Store assessments have value beyond their extremely important data, in that they can make collectors of the data more aware of tobacco use issues in their localities, potentially motivating the data collectors to discuss these issues with members of their communities and become catalysts for policy changes. Given this opportunity, Counter Tools recommends strategic selection of data collectors. At Case Western Reserve University in Cleveland, coordinators recruited community residents and student volunteers. After collecting data from several stores, with issues of tobacco use on their minds, the recruited community residents hope to testify at a future city council meeting when Cleveland considers restrictions on flavored tobacco products.

Selecting locals to be data collectors may make store owners and clerks more comfortable during surveys, especially in cities with high segregation. An alternative could be data collectors who don’t match the demographics of the neighborhood. In Dayton and Columbia, staff members of their county health organization collected data, and in Lee’s Summit, staff of the local organization Lee’s Summit CARES collected.

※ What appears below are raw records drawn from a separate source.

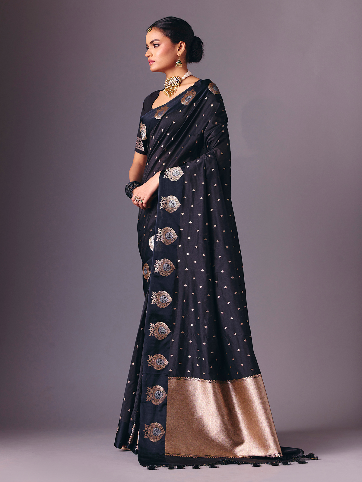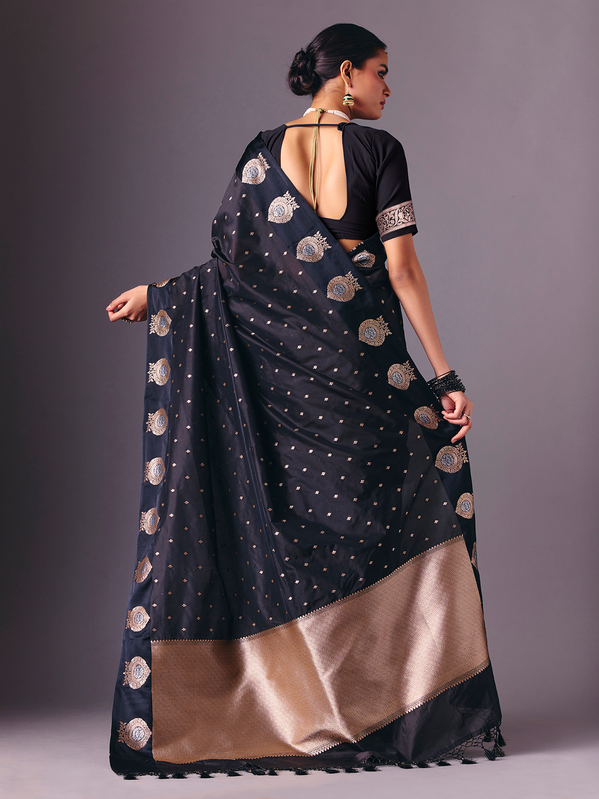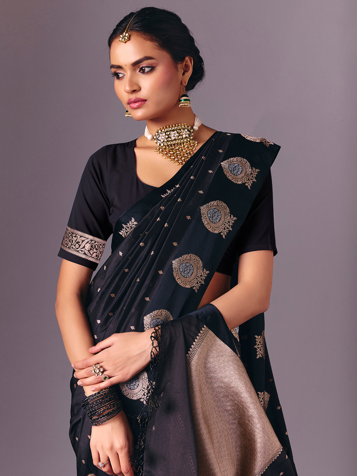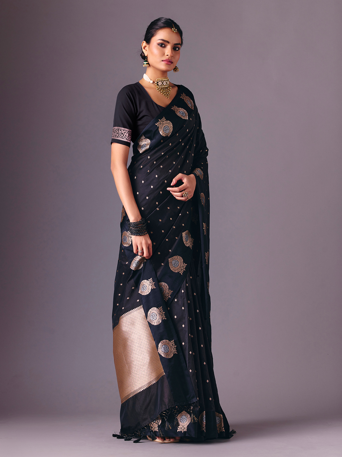 Styled in deep black semi silk saree highlights traditional zari weaving for a subtle festive glow. Complemented by an unstitched blouse piece, it creates a versatile ethnic look perfect for receptions, festive gatherings, sangeet functions and evening events.
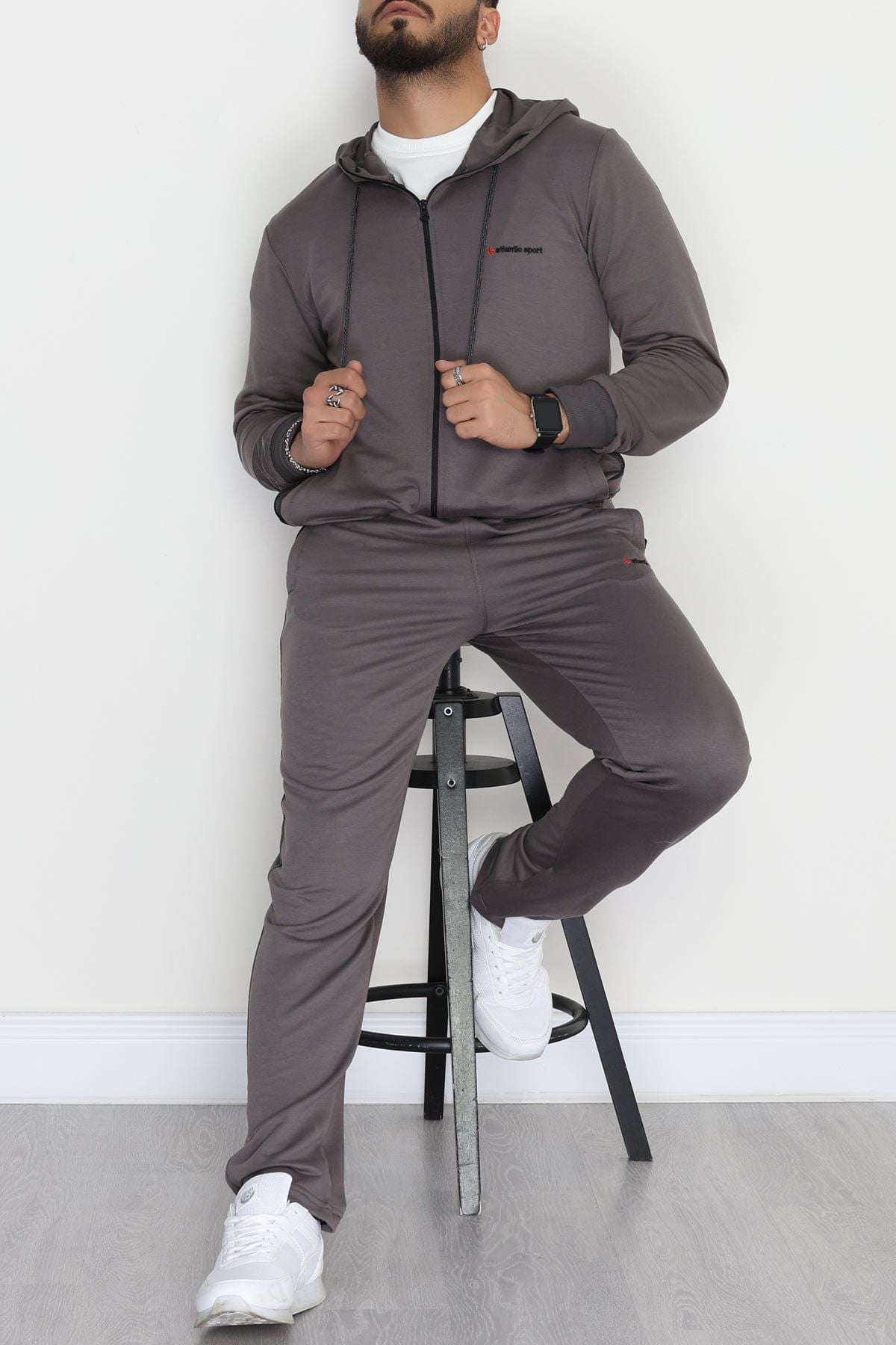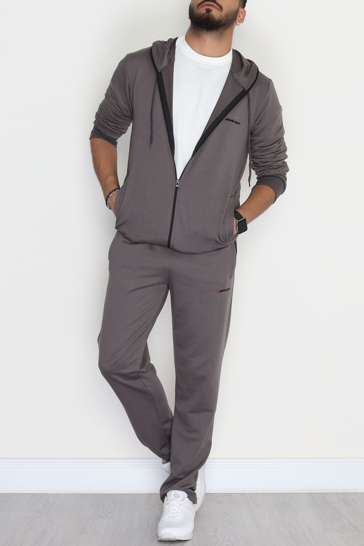 Kompakt 2 İplik Kapşonlu Erkek Eşofman Takımı Füme - 42154.1937.
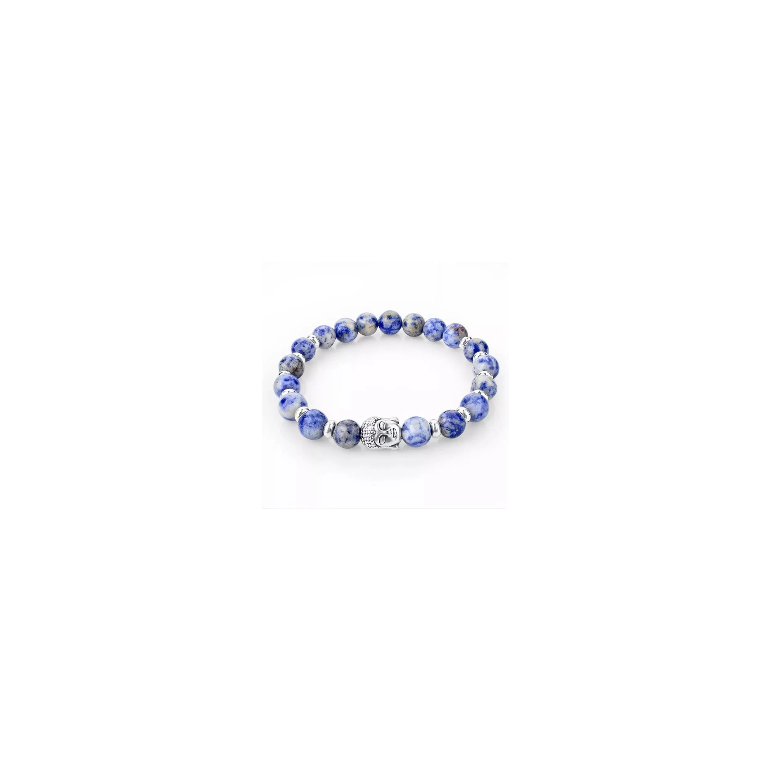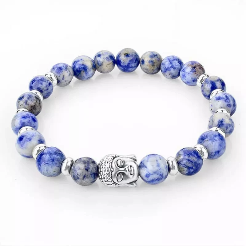 Gyönyörű egyedi szodalit buddha fejes ásványkarkötő  ezüst szín buddha medállal.

The group in Evanston wanted to include high school students, but the COVID-19 pandemic necessitated a change in plan.

A 2015 study of counties across the country, published in Tobacco Regulatory Science, showed that counties that had conducted retail tobacco assessments were more than six times as likely to have adopted point-of-sale policies than those that had not. All five cities in Truth Initiative and Counter Tools’ latest study can use its data to analyze how accessible flavored products are in their areas before and after implementations of any local or state policies.